• SOURCE MATERIAL:
□ □ □ □ □
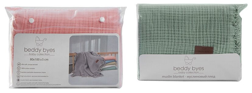 Плед для детей BEDDY Byes (BB 321) из органической муслиновой ткани с бахромой, 100х80, мятный интересное:
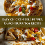 These Chicken Bell Pepper Ranch Burritos are a flavorful and satisfying meal featuring tender chicken seasoned with smoky spices, sautéed bell peppers, creamy ranch dressing, and melted cheddar cheese, all wrapped in warm flour tortillas. Perfect for a quick weeknight dinner or meal prep.
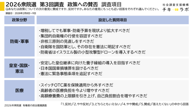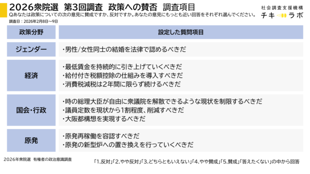 掲載データはチキラボが2026年の衆院選期間中に実施した継続調査の結果です。
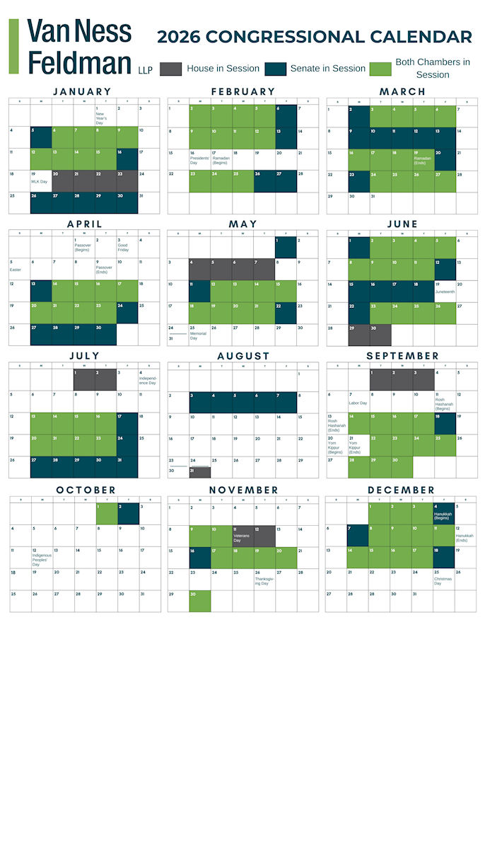 Van Ness Feldman's Government Advocacy and Public Policy Practice is pleased to offer the 2026 Congressional calendar, which provides a guide to this year's legislative sessions and key dates throughout the year.
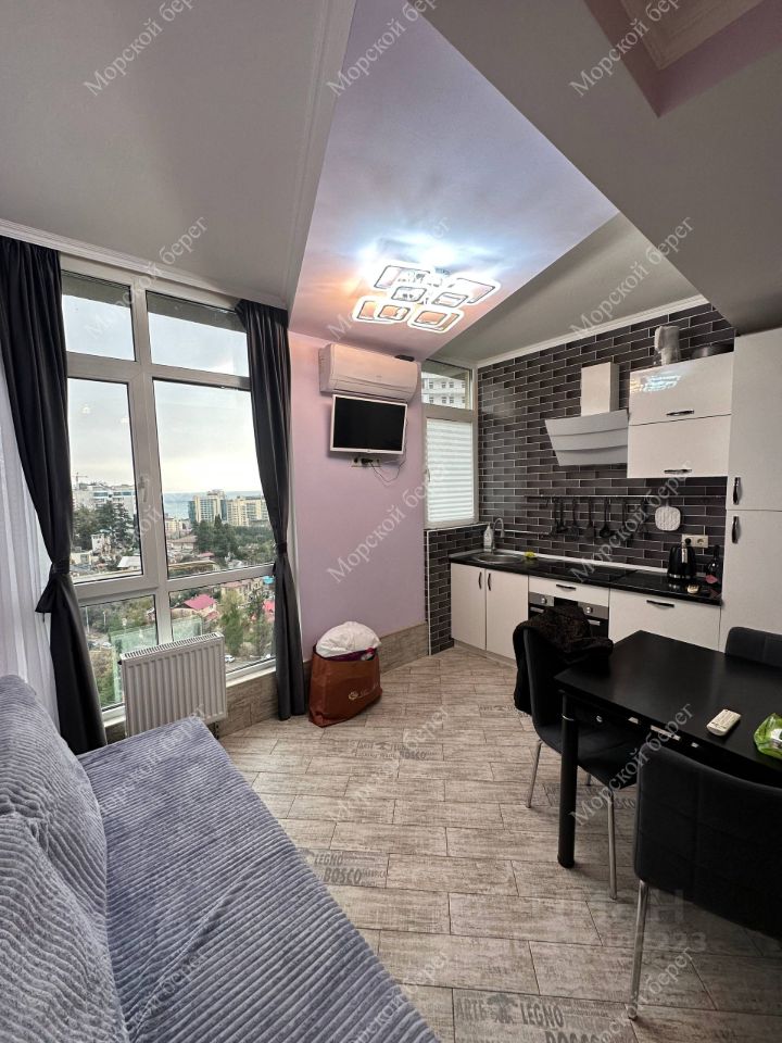 Функциональная планировка: кухня-гостиная, отдельная спальня, совмещённый санузел. Панорамные окна обеспечивают хорошее естественное освещение и открывают видовые характеристики, которые ценятся в центре Сочи.
□ □ □ □ □
• PROBLEM STATEMENT: Return only the stretch above from the line containing "掲載データはチキラボが2026年の衆院選期間中に実施した継続調査の結果です。" through the line containing "Van Ness Feldman's", word for word and without pictures.

• ANSWER BOX:
 掲載データはチキラボが2026年の衆院選期間中に実施した継続調査の結果です。
 Van Ness Feldman's Government Advocacy and Public Policy Practice is pleased to offer the 2026 Congressional calendar, which provides a guide to this year's legislative sessions and key dates throughout the year.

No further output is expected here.